Delport Wayne, Scheffler Konrad, Seoighe Cathal
University of Cape Town, Observatory, 7925, Cape Town, South Africa.
Brief Bioinform. 2009 Jan;10(1):97-109. doi: 10.1093/bib/bbn049. Epub 2008 Oct 29.
Probabilistic models of sequence evolution are in widespread use in phylogenetics and molecular sequence evolution. These models have become increasingly sophisticated and combined with statistical model comparison techniques have helped to shed light on how genes and proteins evolve. Models of codon evolution have been particularly useful, because, in addition to providing a significant improvement in model realism for protein-coding sequences, codon models can also be designed to test hypotheses about the selective pressures that shape the evolution of the sequences.
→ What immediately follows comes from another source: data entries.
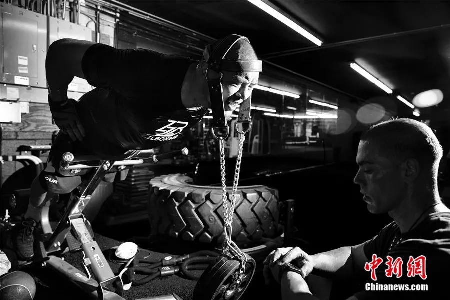 2021年,张志磊在美国新泽西州一家健身器材店训练馆进行体能训练,他的体能教练也是这间健身器材店的老板。许多职业拳手在这里训练,多数拳手除了训练还要上班。中新社记者 廖攀 摄
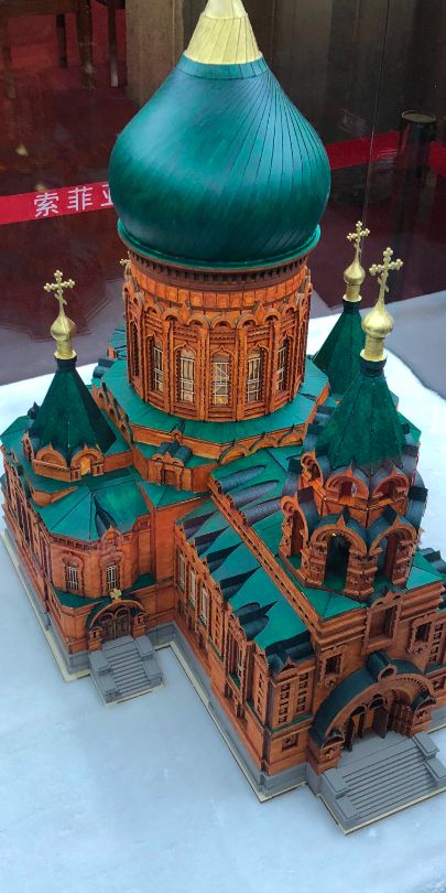 索菲亚教堂微缩景观制作,经过多次对索菲亚教堂结构的实地研究,结合制作微缩景观材料的使用,设计出整体拼装结构。整体微缩景观由2100多片的木质零件组成,模型仿照真实建筑设计,外观和内部各个房间均有还原。微缩景观特色:利用不同木板厚度的特性,将外观装饰结构与建筑基体结构相结合,通过多层叠加的方式还原真实建筑结构,八边形的多层拱券及尖塔更是通过不同角度的切割素材做到完美贴合,教堂最大特色的洋葱顶采用木质龙骨与纸板外贴的方式设计,具有1:1还原的特点,此外教堂的窗子全部安装花窗贴纸,无论是外部灯光还是内部灯光都可以映射出不同图案的彩绘花纹,加强了艺术特性。
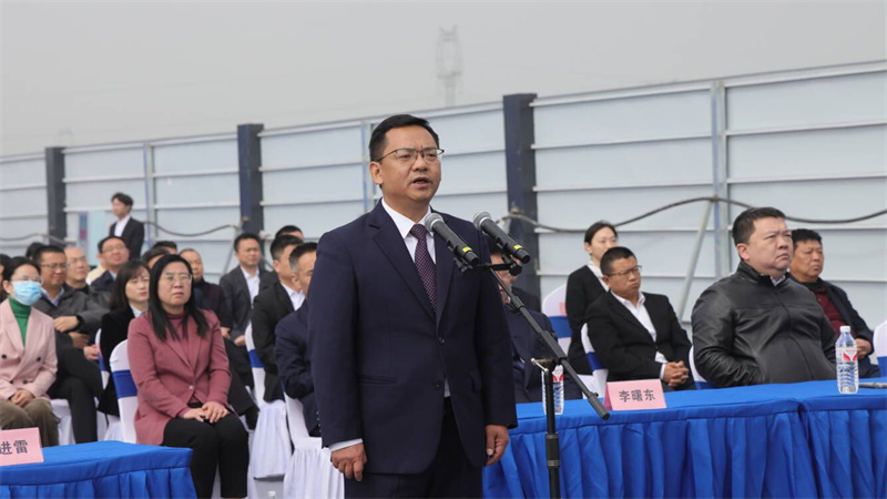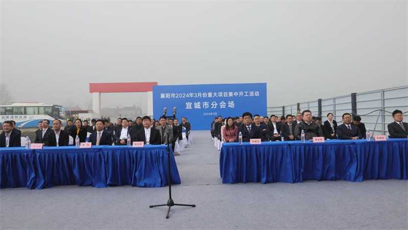 李曙東、陳進雷、李源等市領導在宜城分會場參加活動,市委常委、副市長朱曉林現場介紹宜城3月份8個集中開工重大項目情況。
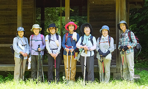 | 全員集合場所のI 鳥居峠「峠の茶屋」で 12:16 慌ただしくランチ休憩して(15分!)から 急いで集合写真をパチリ ・・・・・・・・・・・ 急がせてゴメンね! ここから奈良井の駅までは、1時間ちょっとかかるから 列車の発車時刻は、13:32!! |
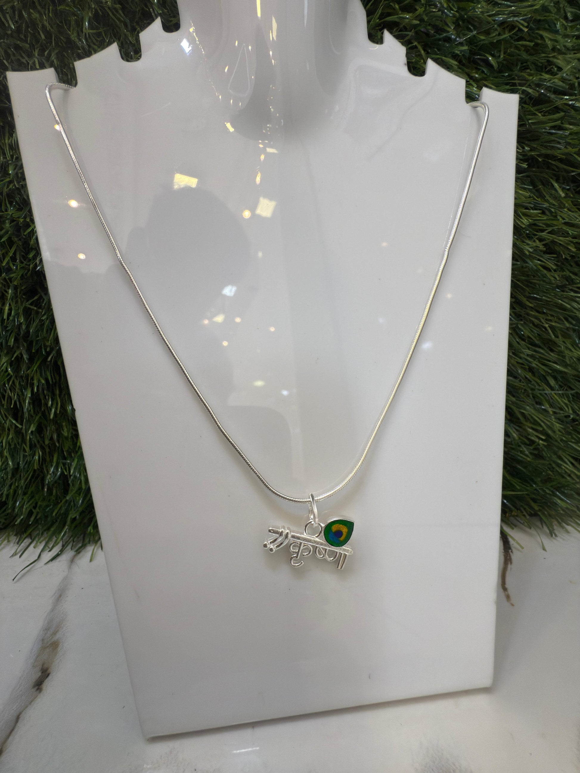 Handcrafted with precision, this silver necklace showcases Lord Krishna’s serene charm, symbolizing peace, love, and positivity.
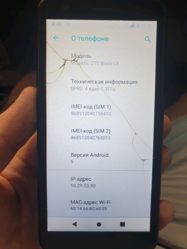 Zte blade l8 1/16gb android 9 все працює битий тач немає кнопок
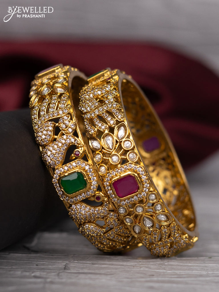 Antique bangle peacock design with kemp & cz and kundan stones
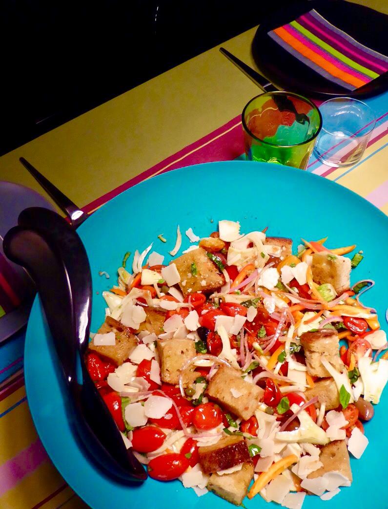 Πρώτον φροντίζουμε να έχουμε πολύ καλό ζυμωτό χωριάτικο ψωμί. Κόβουμε χοντρές φέτες, τις τρίβουμε με σκόρδο, τις αλείφουμε με ελαιόλαδο, αλατοπιπερώνουμε και ψήνουμε στον φούρνο στους 150 βαθμούς για 7-10’. Το ζητούμενο δεν είναι να κάνουμε παξιμάδια, αλλά η μεν κόρα να πάρει χρώμα και να είναι τραγανή, η δε ψίχα να μείνει σχετικά μαλακή για να απορροφήσει όλους τους χυμούς της καλοκαιρινής ντομάτας. Αφού βγάλουμε το ψωμί από τον φούρνο, ανεβάζουμε τους βαθμούς στους 180 και ψήνουμε ολόκληρα ντοματίνια (εάν μάλιστα βρούμε και πολύχρωμα, ακόμη καλύτερα) περιχυμένα με λίγο ελαιόλαδο και ελάχιστες σταγόνες καλής ποιότητας balsamico. Ψήνουμε έως ότου αρχίσει να σκάει η φλούδα τους. Μαζί με τα ντοματίνια ψήνουμε και 1-2 σκ. σκόρδου με την φλούδα τους. Παράλληλα κόβουμε κρεμμύδια σε πολύ λεπτές ροδέλες και τις βαπτίζουμε σε μπόλικο κρύο νερό για να φύγει η πολλή κάψα. Ετοιμάζουμε την sauce : χτυπάμε έξτρα παρθένο ελαιόλαδο με καλής ποιότητας ξύδι από κόκκινο κρασί (σε αναλογία 3:1) και προσθέτουμε τις ψητές σκελίδες σκόρδου, αφού βγάλουμε τη σάρκα και την λιώσουμε με το πηρούνι,, αλατοπίπερο, ξύσμα λεμονιού και ξαρμυρισμένη κάππαρη. Κόβουμε φινόκιο σε πολύ λεπτές φετούλες, κόκκινες και κίτρινες πιπεριές σε λεπτές λωρίδες και αγγούρι σε λεπτές λωρίδες επίσης. Αποφεύγουμε τις πράσινες πιπεριές γιατί το επιθετικό τους άρωμα αλλοιώνει εντελώς τη γεύση της σαλάτας. Σερβίρουμε σε μπωλ ανακατεύοντας τα ψητά ντοματίνια, προσθέτουμε και μερικά ωμά κομμένα στη μέση, καθώς και λίγες μαύρες ελιές (η δική μου αδυναμία είναι οι θρούμπες με την πικρή τους γεύση), τις φέτες του ψωμιού (κομμένες στα τέσσερα εάν είναι μεγάλες), το κρεμμύδι, τις πιπεριές, το φινόκιο και το αγγούρι, περιχύνουμε με τη sauce και ανακατεύουμε απαλά αλλά επισταμένως και τελειώνουμε με μυρωδάτο βασιλικό και λίγες φλοίδες παρμεζάνας.
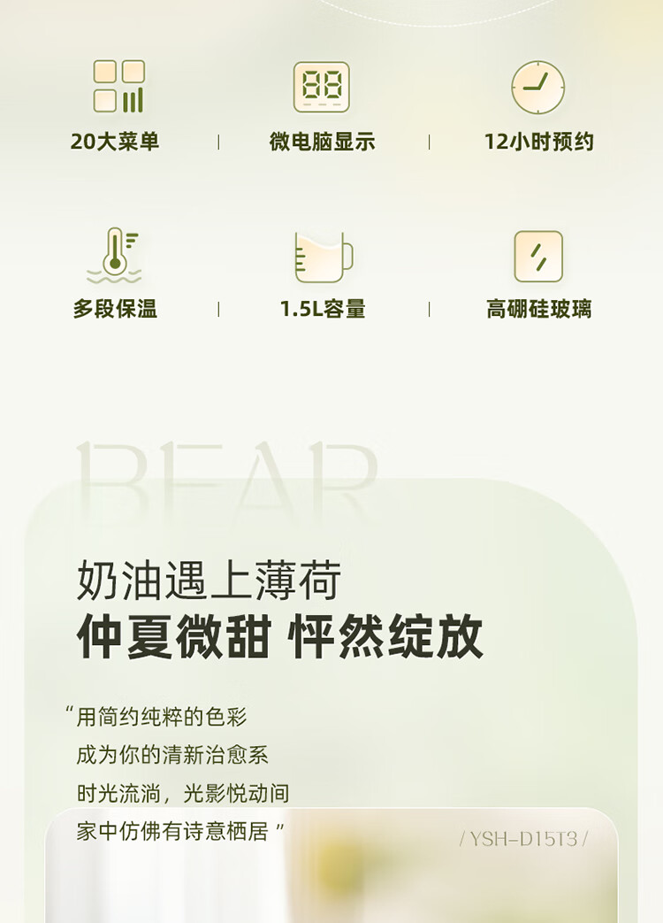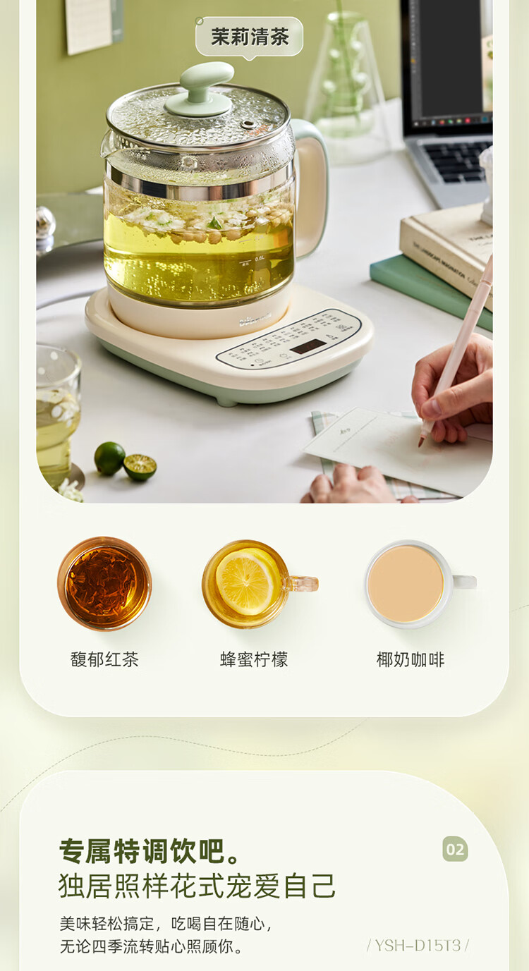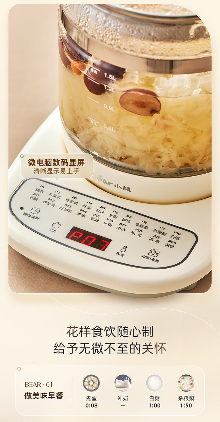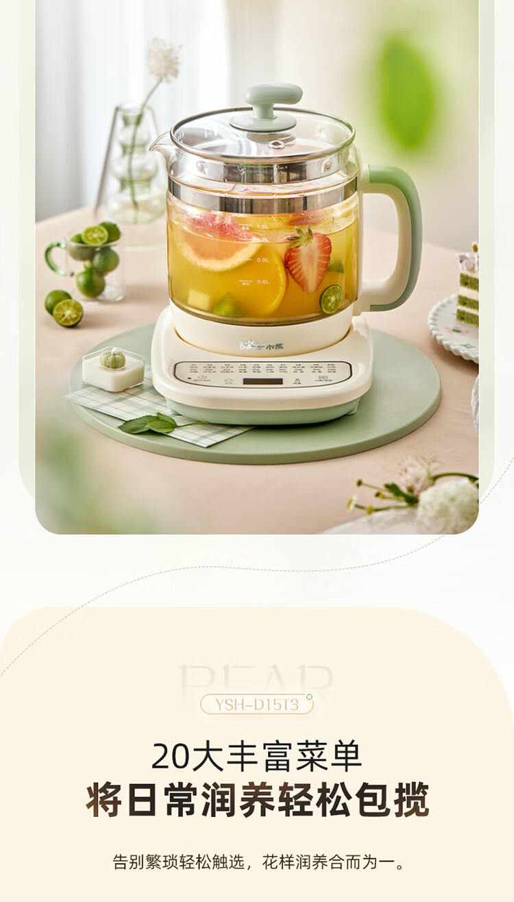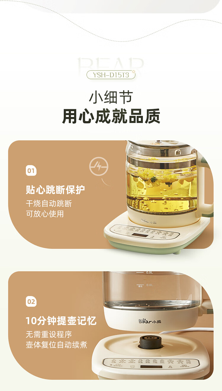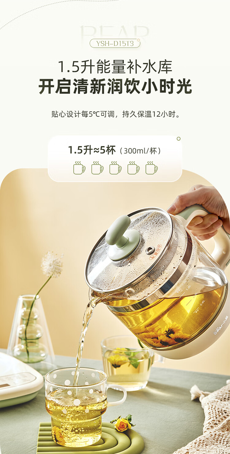小熊(Bear) 养生壶煮茶壶电热水壶1.5L多功能恒温水壶 YSH-D15T3 【ZMD安心系列】

Such models typically assume a phylogeny and can be used to identify sites or lineages that have evolved adaptively. Recently some of the key assumptions that underlie phylogenetic tests of selection have been questioned, such as the assumption that the rate of synonymous changes is constant across sites or that a single phylogenetic tree can be assumed at all sites for recombining sequences. While some of these issues have been addressed through the development of novel methods, others remain as caveats that need to be considered on a case-by-case basis. Here, we outline the theory of codon models and their application to the detection of positive selection. We review some of the more recent developments that have improved their power and utility, laying a foundation for further advances in the modeling of coding sequence evolution.
序列进化的概率模型在系统发育学和分子序列进化中得到了广泛应用。这些模型变得越来越复杂,并且与统计模型比较技术相结合,有助于阐明基因和蛋白质是如何进化的。密码子进化模型尤其有用,因为除了能显著提高蛋白质编码序列模型的真实性外,密码子模型还可用于检验有关塑造序列进化的选择压力的假设。此类模型通常假定一个系统发育关系,并可用于识别适应性进化的位点或谱系。最近,一些作为选择的系统发育检验基础的关键假设受到了质疑,比如同义变化速率在各个位点恒定的假设,或者对于重组序列在所有位点都可假定单一系统发育树的假设。虽然其中一些问题已通过开发新方法得到解决,但其他问题仍然是需要根据具体情况加以考虑的注意事项。在此,我们概述密码子模型的理论及其在检测正选择中的应用。我们回顾了一些最近的进展,这些进展提高了它们的能力和实用性,为编码序列进化建模的进一步发展奠定了基础。